### [EXERCISE INSTRUCTIONS]
Which lines run from the start of the material below through the line containing "- Capable of"? Retype them exactly, pictures excluded.

### [RECORDS SUPPLIED]
═══

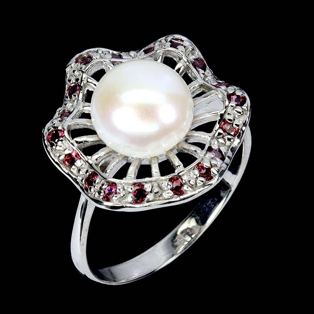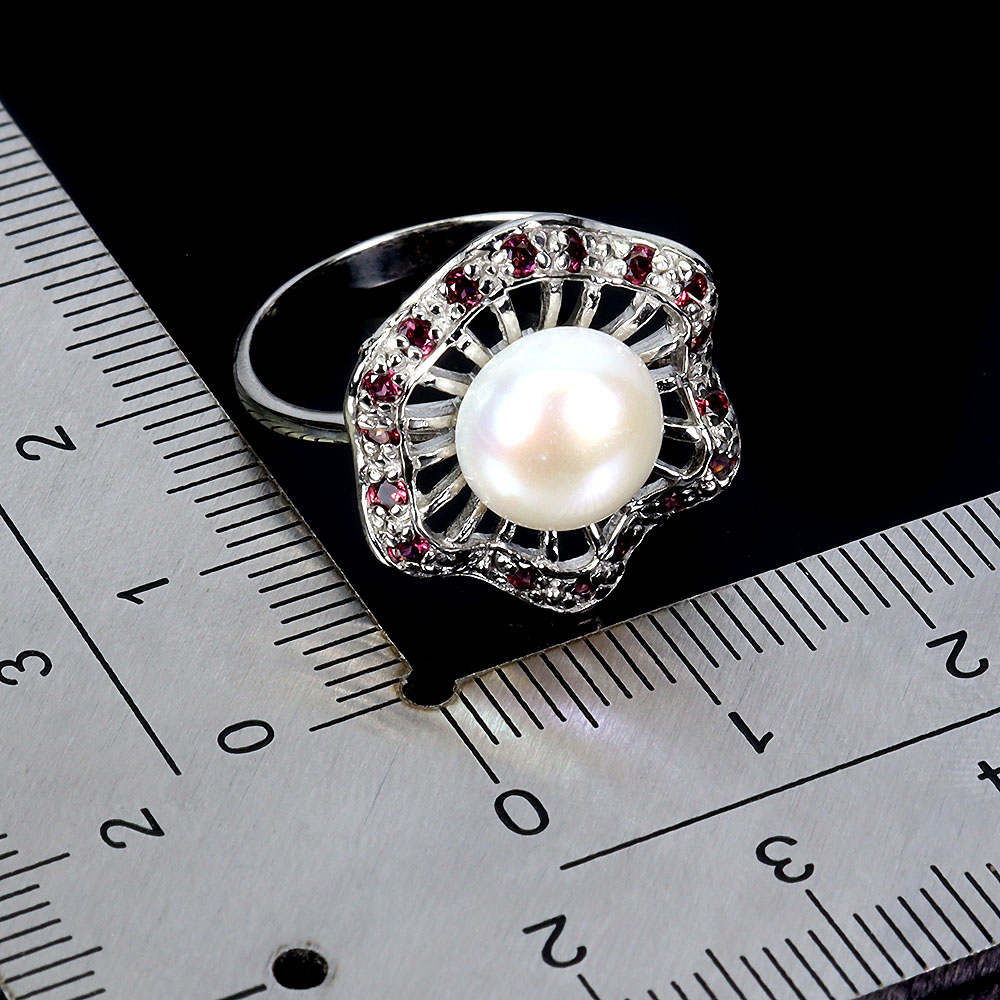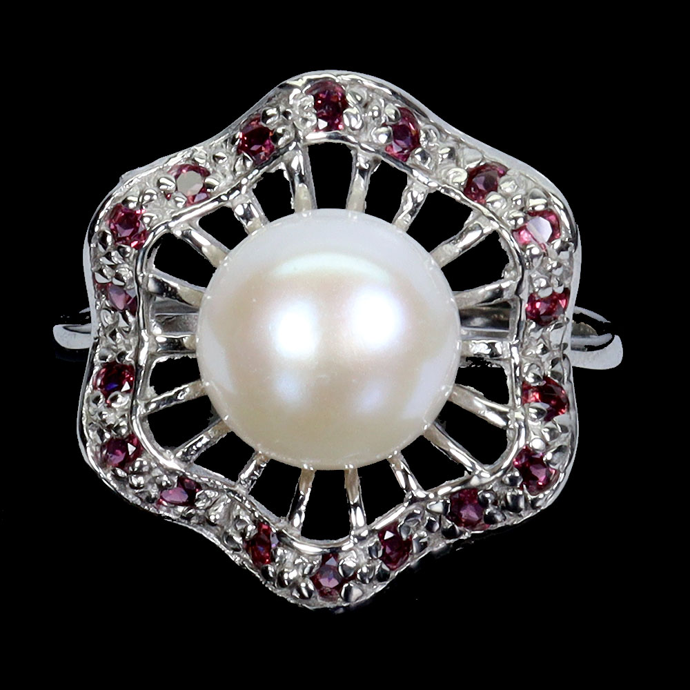 925 Sterling Silver Ring Round Rhodolite Pearl Natural Gemstone Jewelry Size 8
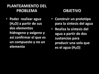Este documento describe un experimento para sintetizar agua (H2O) a partir de sus elementos constituyentes, hidrógeno y oxígeno. Explica los materiales y procedimientos utilizados, incluida la producción separada de hidrógeno y oxígeno y su combinación para formar agua. Los resultados muestran que el objetivo de sintetizar una pequeña cantidad de agua se logró con éxito siguiendo las instrucciones.
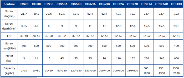 - Capable of processing all thermoplastics, non-thermoplastics and rubber materials
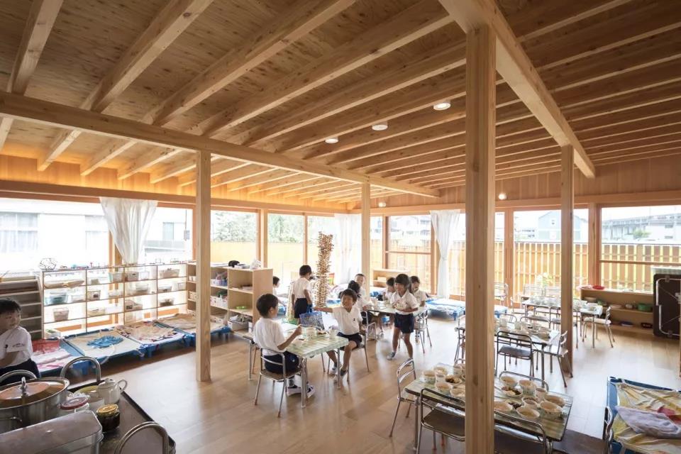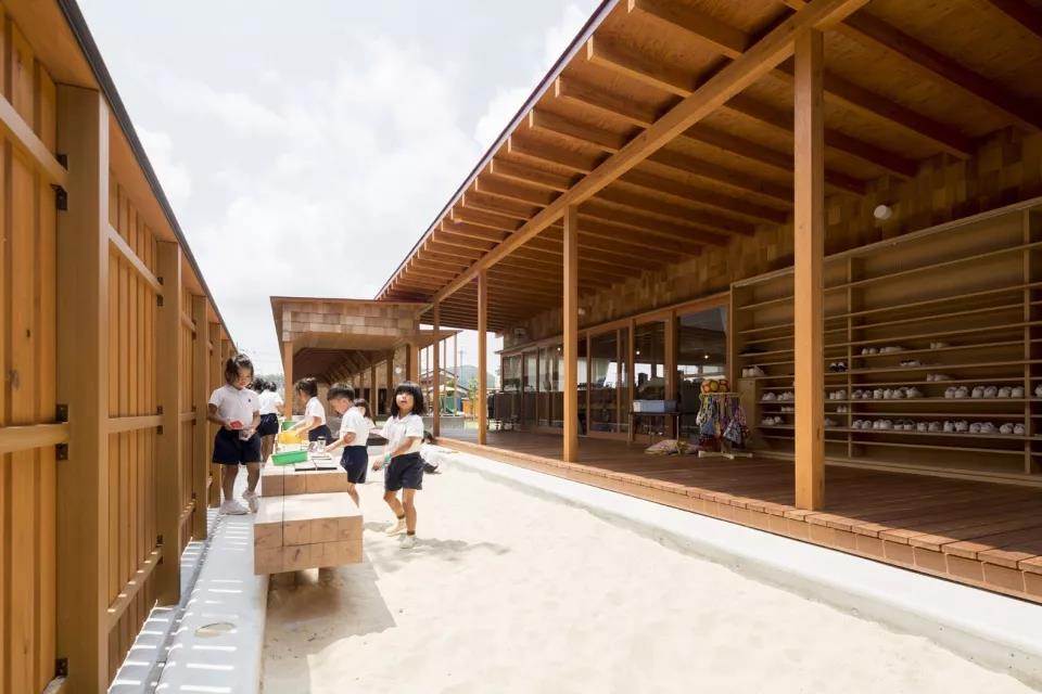這座幼兒園的空間設計完全能夠滿足孩子們的求知欲,如具有開放感的寬敞走廊和半室外空間、高低不一的室內外空間,以及一個擺放著游樂設備的露臺等,都為孩子們提供了自由快樂地成長和學習環境,值得一提的是,人們還可以根據自己的需求,來改變其上文提到的擺放著游樂設備的露臺的空間布局。
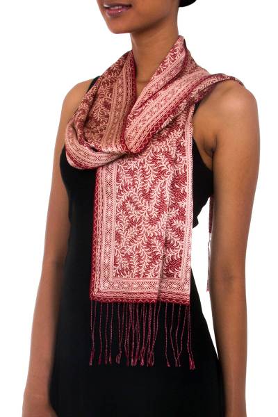 Silk batik scarf, 'Red Fern' - Handcrafted Silk Batik Scarf
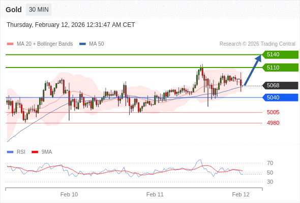 在 5040 之上,看涨,目标价位为 5110 ,然后为 5140 。

═══

### [SOLVED PROBLEM]
 925 Sterling Silver Ring Round Rhodolite Pearl Natural Gemstone Jewelry Size 8
Este documento describe un experimento para sintetizar agua (H2O) a partir de sus elementos constituyentes, hidrógeno y oxígeno. Explica los materiales y procedimientos utilizados, incluida la producción separada de hidrógeno y oxígeno y su combinación para formar agua. Los resultados muestran que el objetivo de sintetizar una pequeña cantidad de agua se logró con éxito siguiendo las instrucciones.
 - Capable of processing all thermoplastics, non-thermoplastics and rubber materials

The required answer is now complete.